The idea that work, baby-making and infant care are separate spheres of a parent’s life, whether the parent is female or male—no, just doesn’t work
The passage of the bill to extend paid maternity leave to 26 weeks for women working in the organised sector (ie, those employing more than 10 workers) is no favour to women. It is, in fact, a demonstration of the hidden power of patriarchy. The Lok Sabha passed the bill yesterday (9 March) while the Rajya Sabha had passed it seven months ago.
There is no doubt most women will welcome it, if for no other reason than that it allows them to become full-time mothers to their new-borns for at least six months.
However, if the idea is to make men equal players at home and in care giving, it will achieve the exact opposite. Bringing up children will now become even more of women’s work than men’s. What could be more patriarchal than this?
The only sensible way to end the imbalance in care-giving, where women handle the lion’s share of work, is to give men an equal and mandatory paternity leave. Alternatively, one could allow both women and men to share a given period of maternity leave between them based on what is most optimal for both parents and the welfare of the child. It is not necessary to insist that both parents must do a 50:50 share in bringing up children, but they must at least have the option.
Worse, once women stay out of the workplace for half a year, their career prospects too may suffer as their colleagues move on, and they get left behind. In a fast-changing world, where jobs are ephemeral and learning needs to be a constant effort, it is not a good idea to keep women away from the workplace for so long.
And which small scale employer will not be biased when employing women of child-bearing age? If any company with 10 employees has to give paid leave for six months, with no certainty that this leave won’t be extended in some cases, it will automatically be resistant to the idea of employing more women in the relevant age category. Small companies work on thin margins, and inflicting the cost of higher maternity leave on them will deter them from doing what is socially right.
With this law, India will have one of the highest paid maternity leave limits for women, next only to the highly-developed countries of Canada and Norway.
The point is not that women should not be given a large dollop of leave during maternity. They should. They have a right to enjoy the first phase of motherhood without being dragged down by excessive work-related pressures. But without equal treatment of both parents, we are only entrenching patriarchy in the guise of helping mothers.
Not only that, the logical thing to do would be to encourage mothers to keep in touch with the workplace a few weeks after delivery, either through the assignment of work that can be done at home, or by giving her shorter work hours or longer weekends. She should not have to suffer in terms of career or connectedness to fellow employees by a prolonged maternity leave that cuts her off from work altogether.

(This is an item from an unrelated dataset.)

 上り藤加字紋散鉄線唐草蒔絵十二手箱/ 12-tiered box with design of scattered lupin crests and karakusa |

Even better, employers should be encouraged to provide for creches and childcare facilities at or near the workplace. Small companies can even be allowed to charge for this facility, if they can’t afford this investment themselves.

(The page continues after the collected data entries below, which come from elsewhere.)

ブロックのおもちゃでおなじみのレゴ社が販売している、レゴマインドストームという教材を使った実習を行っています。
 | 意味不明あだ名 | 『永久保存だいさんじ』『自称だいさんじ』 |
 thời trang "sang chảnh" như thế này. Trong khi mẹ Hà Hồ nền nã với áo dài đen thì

We need to give up the idea that work, baby-making and infant care are separate spheres of a parent’s life, whether the parent happens to be female or male.
If you want to move away from gender-defined roles, the last thing to do is to make maternity leave the right of only one gender. It is one thing to accept that maternity is different from paternity till the child is born, but after birth there is no need to widen this gulf in responsibilities through one-sided maternity legislation.